Diversos estudios han evaluado la fiabilidad del laboratorio en la identificación de cristales en líquido sinovial; en general los resultados fueron muy pobres en los laboratorios que realizaban el procedimiento de manera habitual (95-98). No obstante, es importante mantener cierta prudencia en la interpretación de estos datos debido a la falta de información sobre factores clave como la formación y experiencia de los observadores, la técnica utilizada y el tipo de microscopio empleado. Además, se ha comprobado que el entrenamiento de los observadores aumenta considerablemente la concordancia del procedimiento. Los resultados de un estudio publicado en 2005 demostraron que la sensibilidad y la especificidad de la identificación de cristales de UMS en 64 muestras de LS analizadas por tres personas sin experiencia previa fue superior al 95% tras un breve periodo de formación (99). Por consiguiente, estos resultados subrayan la importancia del entrenamiento del personal sanitario responsable del análisis de líquido sinovial.

Recomendación 3: En casos de artritis no filiada se debe incluir la gota dentro del diagnóstico diferencial (NE 5; GR D; GA 92%).

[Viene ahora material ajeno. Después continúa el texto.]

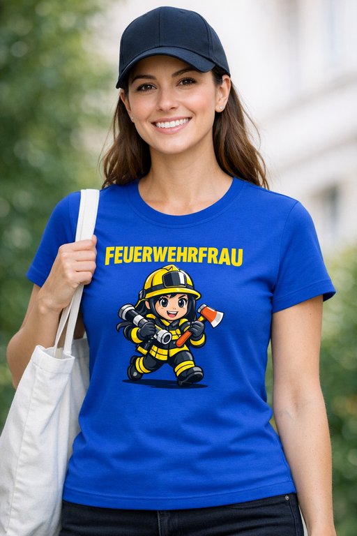 Dieses blaue T-Shirt mit kurzen Ärmeln und auffälligem gelbem Feuerwehrfrau-Motiv samt klarer Aufschrift FEUERWEHRFRAU ist wie eine Sirene: sichtbar, selbstbewusst und zu 100% du. Es zeigt, dass du mutig bist und immer bereit für Action – von der Übung über das Fest bis zum schnellen Kaffee, wenn der Melder wieder Ruhe gibt. Ideal für alle Tage, an denen du Teamgeist und eine Portion Augenzwinkern nach außen tragen willst.

Recomendación 4: La presencia de cristales de UMS no descarta la presencia de infección concomitante (NE 3a; GR C; GA 92%)..

La presencia de cristales de UMS en el líquido sinovial no descarta la coexistencia de otra patología. Aunque es infrecuente, en algunas ocasiones se pueden identificar cristales de UMS y de pirofosfato cálcico en la misma articulación. Esta consideración debe ser especialmente importante en casos de sospecha de artritis séptica, planteados especialmente ante la existencia de  otros factores de riesgo, formas clínicas no típicas, diferentes a ataques de gota previos o la edad avanzada de los pacientes (81, 100, 101). Las artritis sépticas pueden aparecer en el seno de articulaciones con afectas por la gota, en cuyo caso, los cristales de UMS seguirán detectándose en el LS, por lo que en ausencia de un cultivo la infección puede pasar desapercibida.

Recomendación 5: El “cuadro clínico” y los niveles de ácido úrico sérico ni excluyen ni confirman el diagnóstico de gota (NE5; GRD; GA 77%).